Kathi Serles (14)

Schwarz

Zitternd stand Maria vor seinem leblosen Körper. Ganz ruhig und verlassen lag er da. Seine Augen waren weit geöffnet und blickten starr in den Himmel. Sein Mund war geschlossen, doch er spiegelte Hass und Schmerz wider. Seine Hände waren zu Fäusten geballt und ruhten reglos auf dem harten Asphalt. Um ihn herum hatte sich eine Menge von Schaulustigen gebildet. Wie Tiere lechzten sie danach, ihn sterben zu sehen. Zwei Notärzte knieten neben ihm und versuchten, sein Leben noch zu retten. Das Blaulicht des Rettungswagens beleuchtete die Szene. Dunkle Schatten huschten über hohe Hauswände, Autos rasten an ihnen vorbei, und die schwarze Nacht umhüllte Maria wie einen Umhang.

Ihr Herz klopfte und alles andere schien nur mehr in Zeitlupe zu geschehen. Nur vage nahm sie die Ärzte wahr, die hoffnungslos den Kopf schüttelten, aber trotzdem weitermachten und versuchten, ihn am Leben zu erhalten. Um sie herum schien sich langsam alles aufzulösen und sie tauchte noch einmal in die Vergangenheit. Was war geschehen? Wieso lag John hier auf dieser Straße, blutend und in Lebensgefahr schwebend? Sie schloss die Augen und versuchte sich zu erinnern…

»Bis morgen!«

»Ja… bis morgen also!«

John und Maria standen vor ihrer Haustür und sahen sich an. Seine schwarze Haut wirkte nicht mehr so fremd auf sie, seit sie sich kennengelernt hatten. Irgendetwas an ihm faszinierte sie. War es seine Hautfarbe, oder seine großen, dunklen Augen?

Während sie ihn stumm betrachtete, blickte John verlegen zu Boden. Er hatte sich noch immer nicht daran gewöhnt, ständig angestarrt zu werden. Als er wieder aufsah, war Maria schon ins Haus verschwunden. Drinnen wurde ein Licht angemacht und der Duft von Kaffee und Kuchen strömte ihm aus dem geöffneten Fenster entgegen. Eine leichte Brise ließ den Vorhang kurz aufflattern und vertrieb den Duft.

Seufzend drehte sich John um. Auf ihn wartete jetzt eine kleine, dunkle Kellerwohnung. Wahrscheinlich schliefen seine Eltern und Schwestern schon. Langsam ging er die einsame Straße entlang. Die meisten Menschen lagen schon in ihren Betten. John liebte die Nacht; nur im Dunkeln fühlte er sich nicht ausgeschlossen von den anderen. Manchmal wünschte er sich, weiss zu sein und nicht so dunkel und fremd. Er kam sich oft klein, unerwünscht und fehl am Platz vor…

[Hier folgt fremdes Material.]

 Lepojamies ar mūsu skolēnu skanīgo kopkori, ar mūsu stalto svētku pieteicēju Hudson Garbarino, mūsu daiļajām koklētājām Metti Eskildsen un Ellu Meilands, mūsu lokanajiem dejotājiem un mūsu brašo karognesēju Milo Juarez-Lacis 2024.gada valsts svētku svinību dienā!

Plötzlich hörte er Schritte hinter sich. Verwundert, wer in dieser Nacht noch auf den Beinen war, drehte er sich um und erstarrte.

Höhnisch grinsend sahen ihn sechs Augenpaare an. Einer deutete auf ihn und ballte seine Faust. Voller Hass traten sie näher auf ihn zu. Wortlos begannen sie ihn zu verprügeln. John konnte sich nicht wehren. Mit Händen und Füßen gingen sie auf ihn los. Stumm ließen sie ihre Wut an ihm aus. Es kam ihm wie eine Ewigkeit vor, bis sie von ihm abließen.

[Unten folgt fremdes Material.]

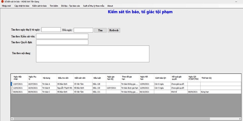 Về chức năng hoạt động, phần mềm mới xây dựng của VKSND tỉnh Tiền Giang đảm bảo đáp ứng được các tiêu chí: theo dõi ngày thụ lý, ngày tiếp nhận; xác định Điều tra viên, Kiểm sát viên phụ trách; tình trạng giải quyết, ngày quá hạn giải quyết; cảnh báo tin báo đến thời hạn giải quyết; trích xuất tin báo quá hạn giải quyết... để phục vụ cho công tác quản lý, chỉ đạo điều hành của Viện kiểm sát hai cấp.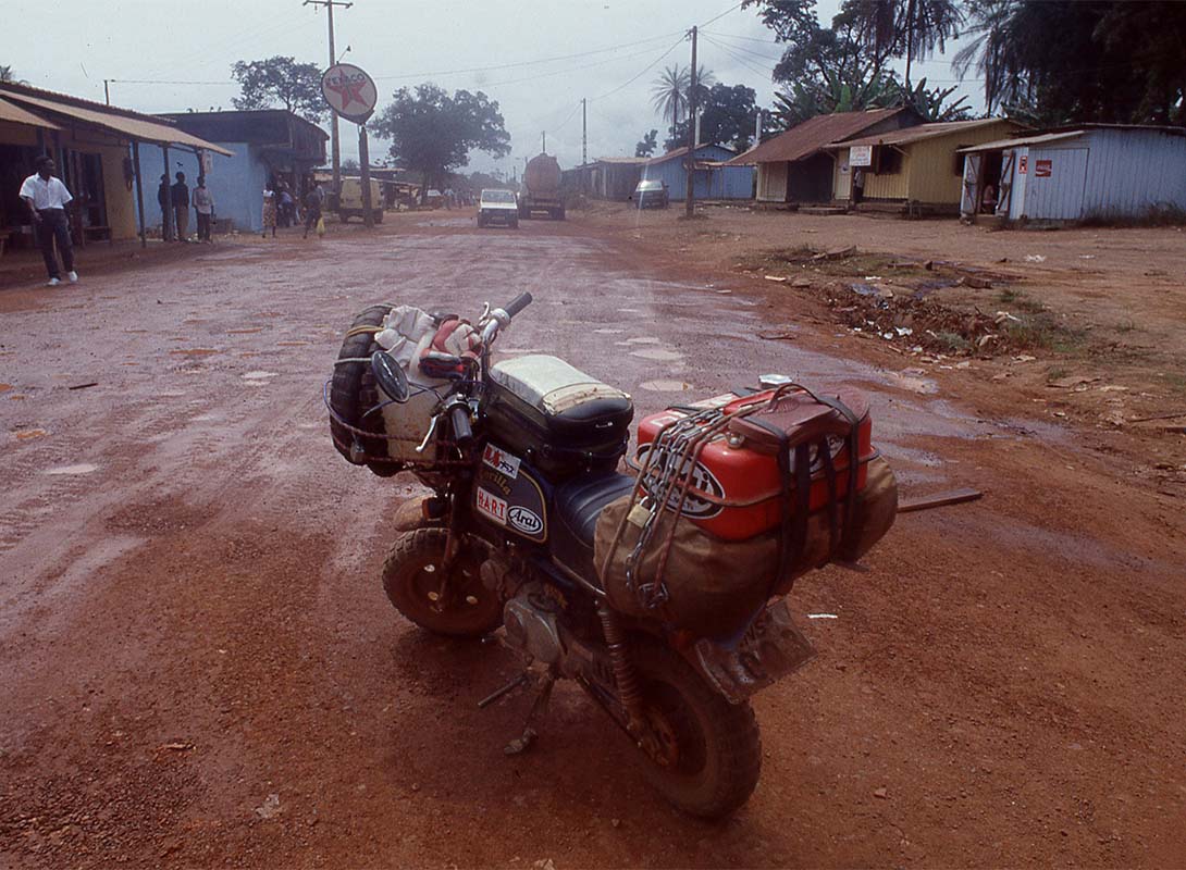 その後も毎日のように雨に降られた、半月以上雨具を着続けている。カメルーンに入国すると、道はドロドロの悪路に変わった。さらにホテルも名ばかりで、照明はアルコールランプ、シャワーもバケツに変わった。もちろんエアコンもない。国境ひとつでここまで変わるのは初めての体験だった。
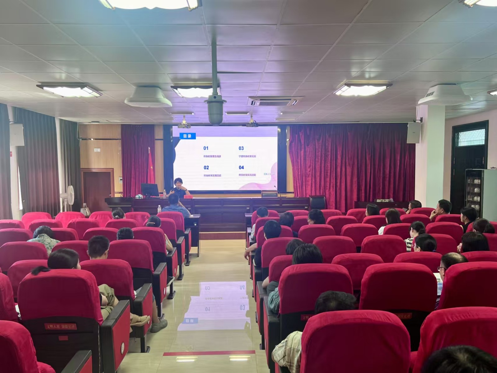 余姚市社科联秘书长谢建龙以“红色四明”为主题,通过介绍余姚抗战辉煌史迹和地方党史文化,激励老师学习先烈无所畏惧、无私奉献、勇往直前的革命精神。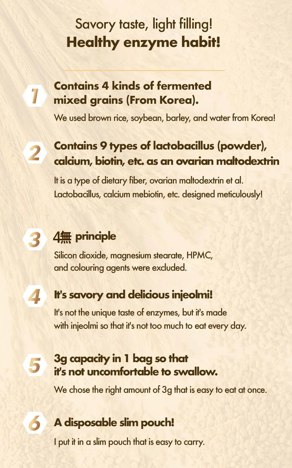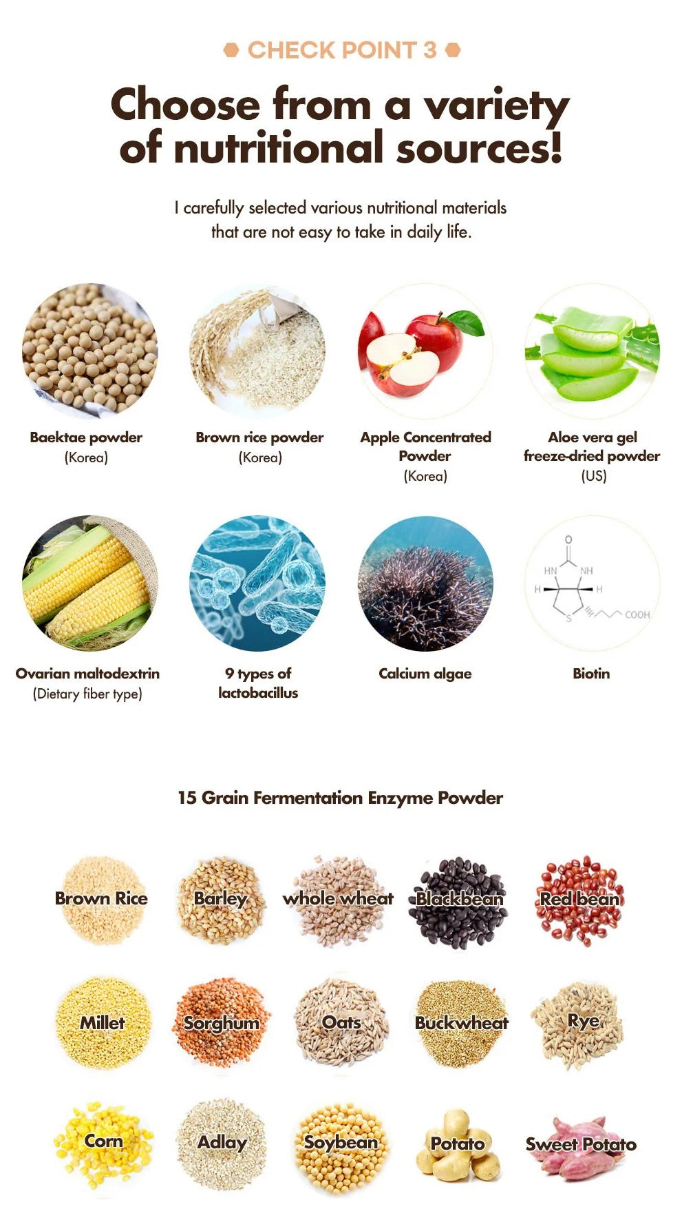 1- Contains 4 kinds of fermented mixed grain (From Korea). We used brown rice, soybean, barley, and water from Korea.

Wie tot lag er da. Leise entfernten sich die Schritte. Nur noch einer stand bei ihm. Er beugte sich zu John hinab, streichelte im lächelnd über seine geschwollene Wange und flüsterte:

»Du lebensunwertes Leben.«

Dann ging er. John lag da und hörte immer nur diesen einen Satz. Lebensunwertes Leben. Eine verlorene Träne glitt über sein Gesicht. Dann wurde ihm schwarz vor Augen…

Zitternd öffnete sie ihre Augen wieder. Immer noch lag er hier am Boden. Heulend wandte sie sich ab. Sie war schuld. Durch ihr Fenster hatte sie die Szene beobachtet und nicht gewagt einzugreifen. Nur um ihre eigene Haut zu retten, hatte sie nichts getan. Und jetzt lag hier ein Mensch im Sterben, weil sie zu feig gewesen war.

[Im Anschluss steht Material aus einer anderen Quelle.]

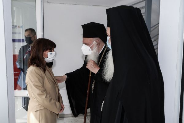 Την Πρόεδρο της Δημοκρατίας υποδέχθηκε στην είσοδο της Δομής ο Μακαριώτατος Αρχιεπίσκοπος Αθηνών και πάσης Ελλάδος κ. Ιερώνυμος, τον οποίον πλαισίωναν ο πρόεδρος της «Συνύπαρξις» Μητροπολίτης Ιλίου, Αχαρνών και Πετρουπόλεως κ. Αθηναγόρας και ο Μητροπολίτης Νικαίας κ. Αλέξιος.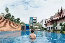 Design Ambiance: The hotel resembles a seaside art gallery, with Thai line art murals, traditional wooden houses, and modern architecture complementing each other.
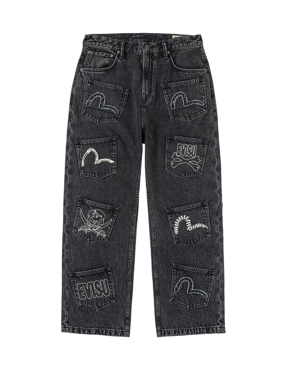 2ESHTM6JE7030FFDN Functional multi-pocket construction brings practical convenience to these jeans for urban dressing, blending utilitarian details with a modern streetwear aesthetic. Distressed seagull, skull and bone embroideries are featured on each pocket, expressing a rough yet refined sense of contrast. - Fashion fit - 100% Cotton - Pockets: 87% Polyester, 13% cotton - Multi-pocket design - Zip fly, 13 pockets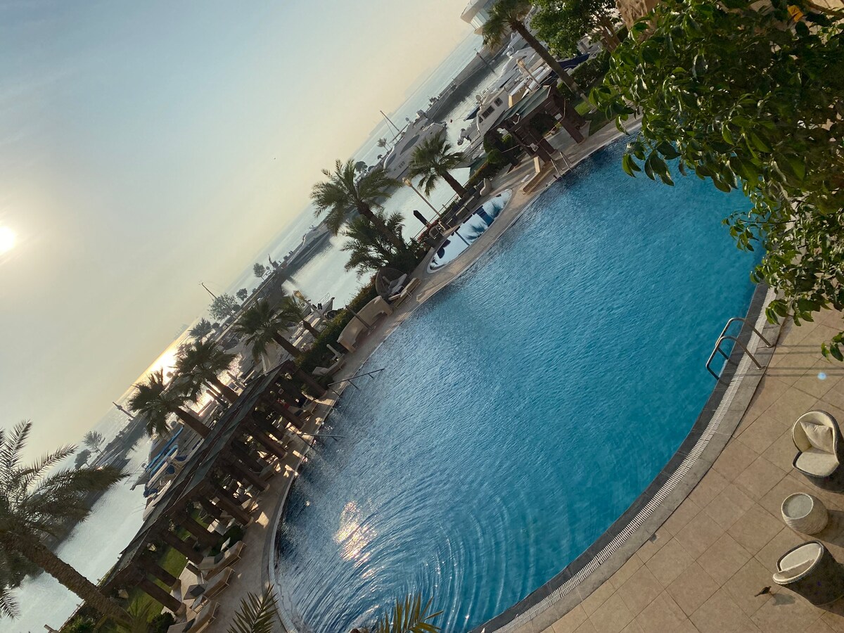 60 SM studio type size From the heart of Porto- Arabia, we take you to another level of comfort, you will enjoy the sunrise and sunset. If you have come on business trip an office space equipped with high- speed WI-FI for you to work and enjoy a breathtaking of the sunset and make you feel at home. The GYM, pool ,Jacuzzi available as well. Metrobus is 2 minutes walk. all café, restaurants supermarket are close to you. check-in at 2 PM by providing passport copy at the Reception 24/7 welcome home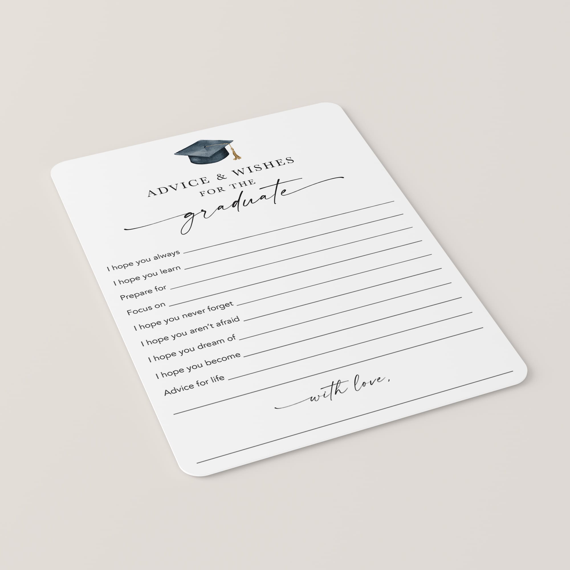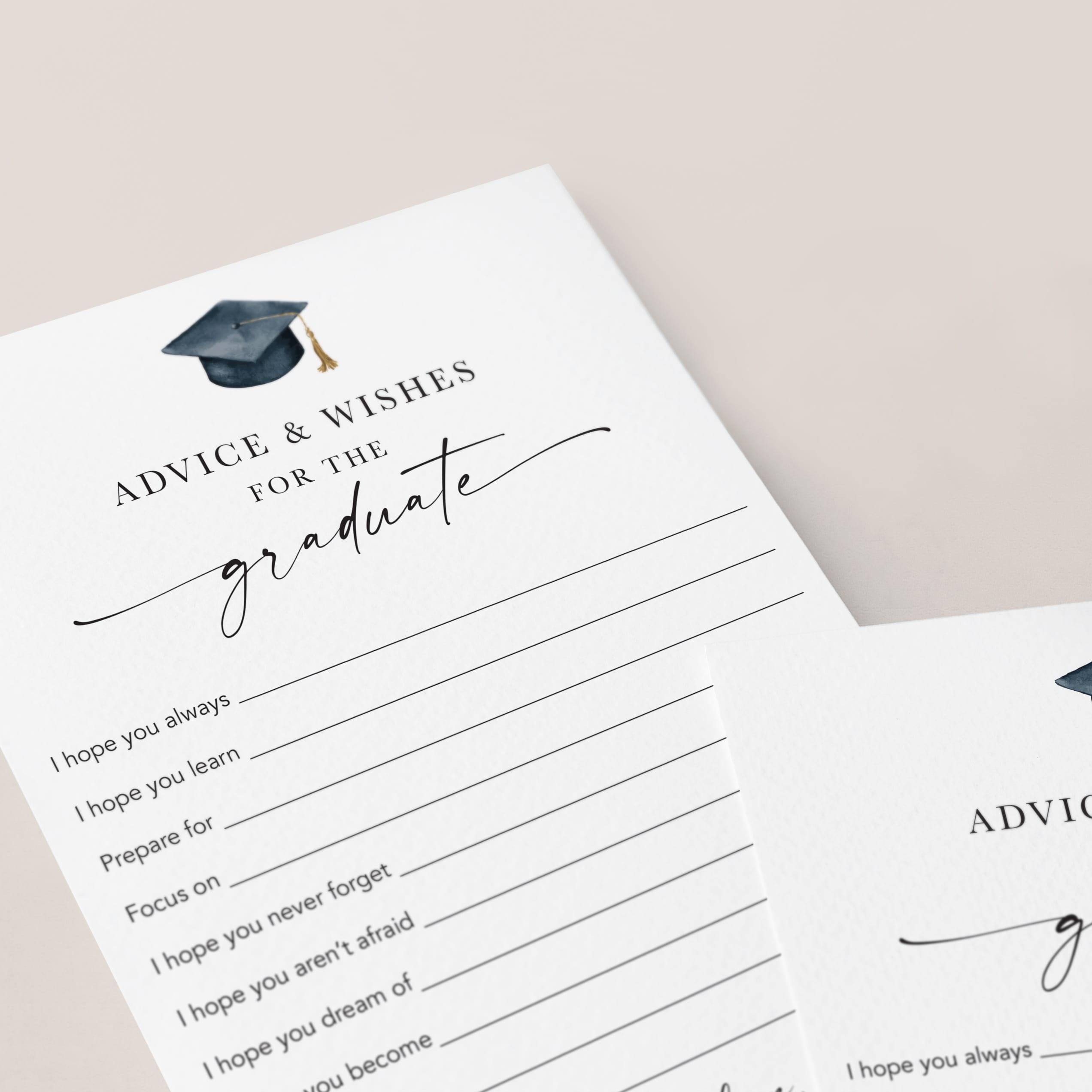 Give the graduate a heartfelt keepsake with these elegant 'Advice & Wishes for the Graduate' cards. Featuring a modern script and a stylish watercolor graduation cap, these cards seamlessly complement any graduation party theme. Invite guests to share their best wishes and advice, creating a treasured collection of memories for the graduate to cherish.

Plötzlich wurde es still. Hoffnungsvoll drehte sie sich zu John und beugte sich über ihn. Mit glasigen Augen sah er sie an uns sagte:

»Ich bin ein lebensunwertes Leben.«

Dann lächelte er schwach und schloss die Augen. Weinend brach Maria über seinem toten, schwarzen Körper zusammen.